▽

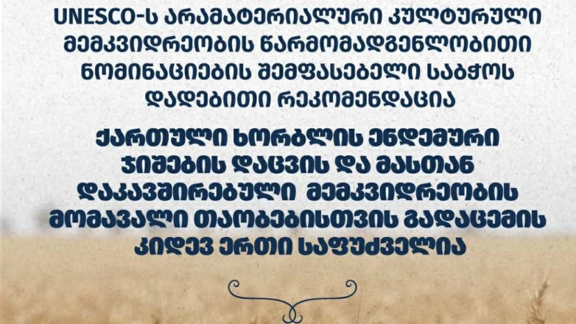 UNESCO-ს არამატერიალური კულტურული მემკვიდრეობის წარმომადგენლობითი ნომინაციების შემფასებელი საბჭოს მიერ „ქართული ხორბლის კულტურა: ტრადიციები და რიტუალები“ დადებითი რეკომენდაცია გაიცა. საბოლოო განხილვა UNESCO-ს არამატერიალური კულტურული მემკვიდრეობის დაცვის მთავრობათაშორისი კომიტეტის მე-20 სესიაზე შედგება, რომელიც 8-13 დეკემბერს ინდოეთში, დელიში გაიმართება.
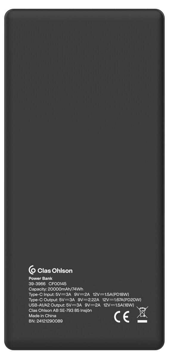 - Utgång USB-C: 5 V / 3 A, 9 V / 2,22 A, 12 V / 1,67 A<br />
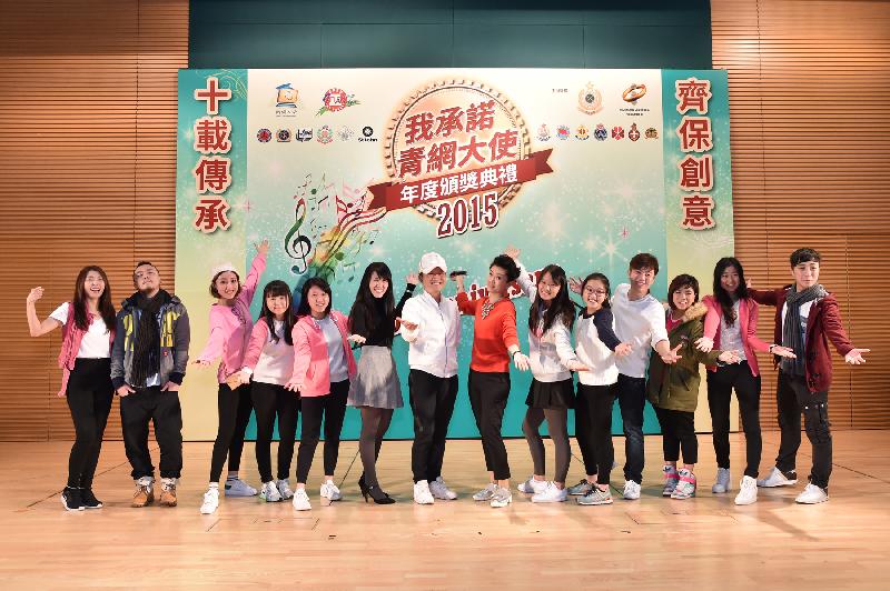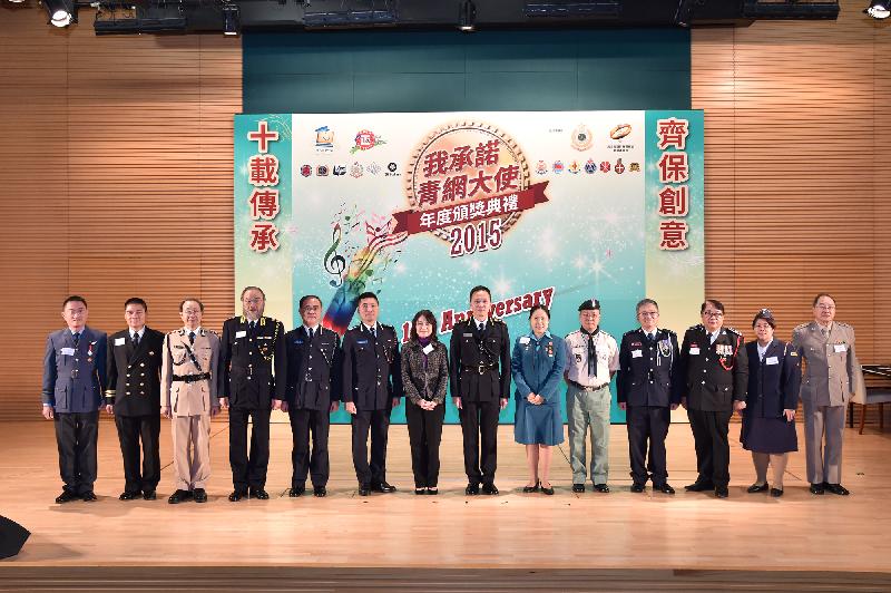 香港海关及知识产权署合办的「我承诺.青网大使年度颁奖典礼2015」今日(十二月十九日)在海关大楼举行。这项香港海关及知识产权署第十年合办的活动致力提升市民尊重和保护知识产权的意识,并向青少年树立打击侵权的模范。
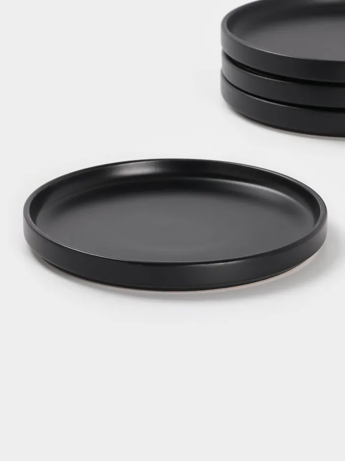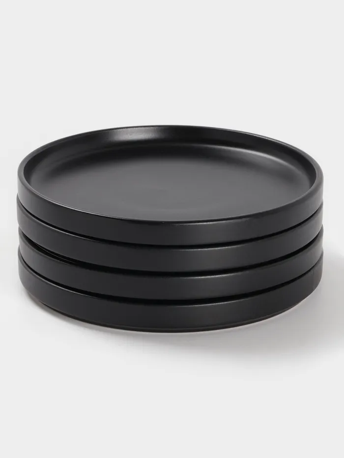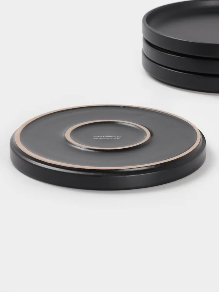 Керамический набор тарелок «Гранит» — 4 предмета с матовой поверхностью для стильной и практичной сервировки. Чёрный цвет и лаконичный дизайн делают их универсальными для повседневного и праздничного стола. Диаметр каждой — 20 см, что удобно для десертов, закусок или завтраков.
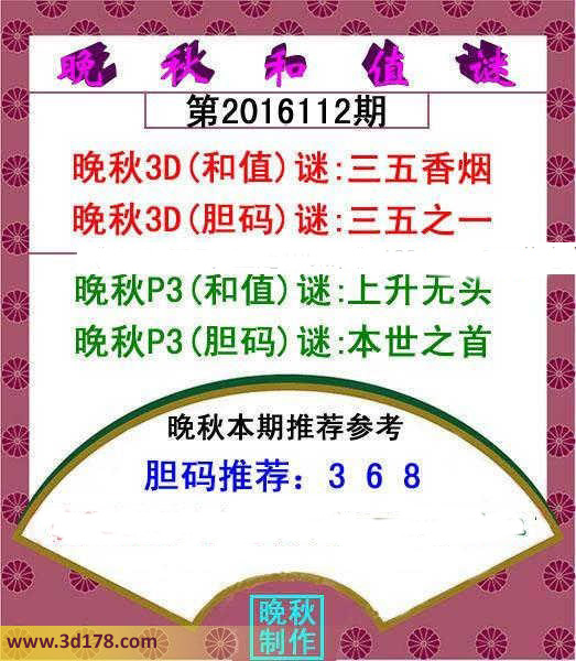 晚秋3D(和值)谜:三五香烟晚秋3D(胆码)谜:三五之一晚秋p3(和值)谜:上升无头晚秋p3(胆码)谜:本世之首胆码推荐:368

△

# Directions for this task
All lines from the one bearing "香港海关及知识产权署合办的「" through the last line of the records, and only those, should be duplicated exactly; no picture belongs in the copy.

# Task response
 香港海关及知识产权署合办的「我承诺.青网大使年度颁奖典礼2015」今日(十二月十九日)在海关大楼举行。这项香港海关及知识产权署第十年合办的活动致力提升市民尊重和保护知识产权的意识,并向青少年树立打击侵权的模范。
 Керамический набор тарелок «Гранит» — 4 предмета с матовой поверхностью для стильной и практичной сервировки. Чёрный цвет и лаконичный дизайн делают их универсальными для повседневного и праздничного стола. Диаметр каждой — 20 см, что удобно для десертов, закусок или завтраков.
 晚秋3D(和值)谜:三五香烟晚秋3D(胆码)谜:三五之一晚秋p3(和值)谜:上升无头晚秋p3(胆码)谜:本世之首胆码推荐:368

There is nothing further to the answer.